EXERCISE AIM:
Everything below from the line with "WILDE Buffalo Protein" through the line with "2、可以分享安装包或、导出到本地和卸载" should be copied exactly, and nothing else; leave out the pictures.
Top of EXERCISE MATERIAL
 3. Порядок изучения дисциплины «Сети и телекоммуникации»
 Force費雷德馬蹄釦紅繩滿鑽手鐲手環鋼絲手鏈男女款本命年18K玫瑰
Bottom of EXERCISE MATERIAL
Top of EXERCISE MATERIAL
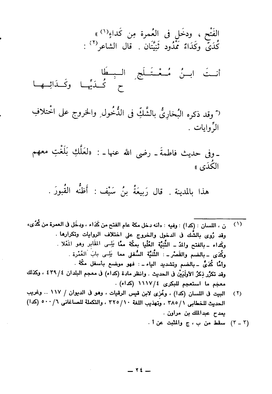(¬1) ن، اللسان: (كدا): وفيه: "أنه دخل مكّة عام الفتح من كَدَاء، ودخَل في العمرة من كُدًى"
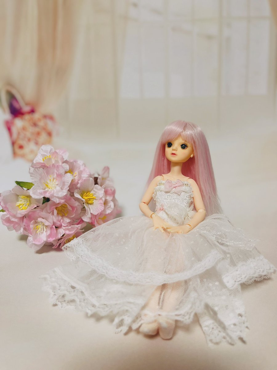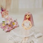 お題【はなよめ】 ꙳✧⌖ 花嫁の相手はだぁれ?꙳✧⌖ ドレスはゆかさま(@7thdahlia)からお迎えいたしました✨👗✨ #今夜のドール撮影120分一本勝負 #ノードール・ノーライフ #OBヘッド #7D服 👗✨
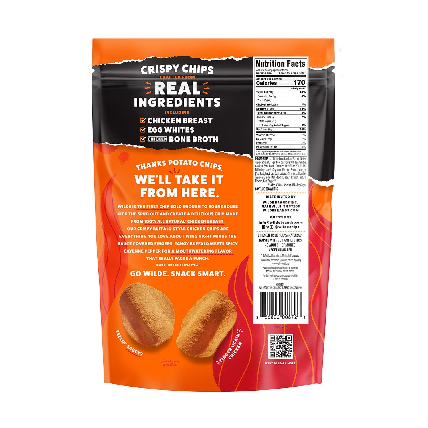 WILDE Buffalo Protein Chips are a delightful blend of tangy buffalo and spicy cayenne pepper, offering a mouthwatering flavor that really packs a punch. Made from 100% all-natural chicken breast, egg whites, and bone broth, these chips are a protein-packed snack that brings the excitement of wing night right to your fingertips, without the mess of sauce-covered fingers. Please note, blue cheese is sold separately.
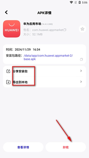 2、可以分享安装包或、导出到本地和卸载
Bottom of EXERCISE MATERIAL
ANSWER TO THE EXERCISE:
 WILDE Buffalo Protein Chips are a delightful blend of tangy buffalo and spicy cayenne pepper, offering a mouthwatering flavor that really packs a punch. Made from 100% all-natural chicken breast, egg whites, and bone broth, these chips are a protein-packed snack that brings the excitement of wing night right to your fingertips, without the mess of sauce-covered fingers. Please note, blue cheese is sold separately.
 2、可以分享安装包或、导出到本地和卸载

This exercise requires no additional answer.